One day in 1953 an attractive, fast-talking young woman, Peggy Balish, applied for a job a the studio. A year later, he married Peggy, and she became his partner in business, as well as in life, for more than 58 years.

They moved to Mamaroneck, N.Y., opening Davis Studio in 1954. At first it was just the two of them, with George pounding the pavement as salesman to get new accounts, shooting the portraits and developing black-and-white images in trays in the darkroom, and Peggy handling the business responsibilities, taking orders, being the customer service representative and even learning to retouch prints and negatives. Over the years Davis Studio hired hundreds of staff and photographed more than 10 million children. George’s youngest son, Greg, and Greg’s wife, Roxanne, worked alongside George and Peggy for more than 25 years.

George was always exploring and incorporating the latest technology into Davis Studio’s operations. In the early 1960s he took a big financial risk and purchased color film processors, package printers, automatic cutters and all the necessary equipment to bring color photography to the school portrait market.

Less than 15 years ago digital photography was emerging. High-volume school portrait studios had not switched to digital because there was no camera on the market designed to handle 400 sittings a day with positive IDs linked to every sitting.  Added to that the system had to be robust enough to withstand riding in the back of a car and being set up and broken down daily. The captured images also needed to flawlessly interface with the high-volume printing equipment in the lab.  Recognizing the need, George contracted with a company that had both software and hardware development experience. That company incorporated the list of more than 100 specific requirements George had outlined and 16 months later delivered and placed the MDS-20 in service as the first high-volume, “long-roll” digital camera.

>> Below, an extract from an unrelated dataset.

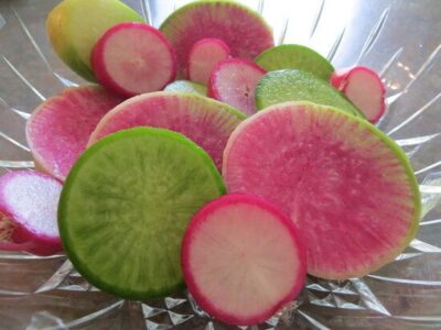 One of the sweetest dishes you can make in the winter comes from vegetables we tend to associate with peppery flavors. Roasting works magic on turnips and winter radishes. We grow Shawo Fruit Radish (bright lime green) and Chinese Red Meat (green skin/fuchsia meat) radishes along with gold turnips. These varieties are the milder of their types and cook up rich and sweet.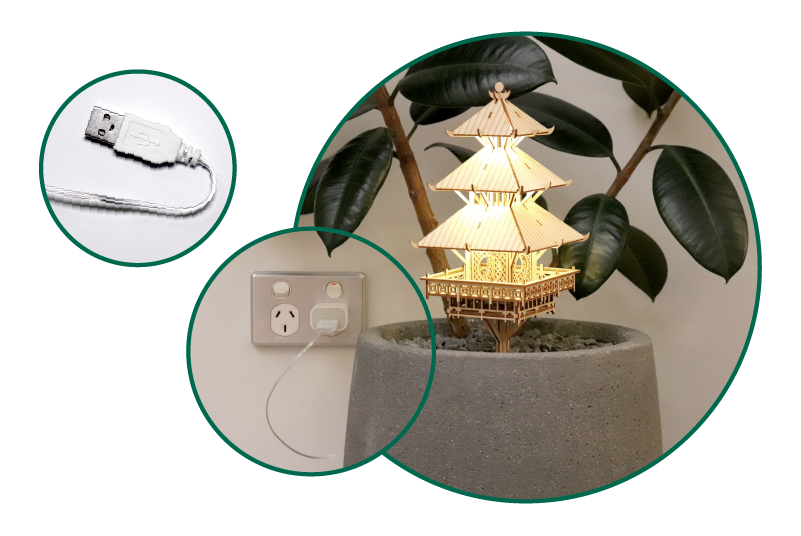 These lights have a USB plug instead of a battery compartment, so you can plug it into a USB port to light up your treehouse. Great if you want to light up your tree house frequently!

Davis Studio outgrew its physical facilities on several occasions. The first studio in Mamaroneck was 750 square feet.  The last move was to a facility with more than 22,000 square feet for offices, studio and lab.

George is survived by his wife, Peggy, their three sons (Geoffrey, Glen and Gregory), three daughters-in-law (PaoChen, Merrill and Roxanne) and two grandsons (Gabriel and Garrett).

Michaels Chief Executive Officer hospitalized

Michaels Stores Inc., Irvine, Texas, announced John B. Menzer, CEO, was hospitalized due to a medical condition and is stable. Michaels is currently owned by investment firms Bain Capital Partners, LLC, and Blackstone.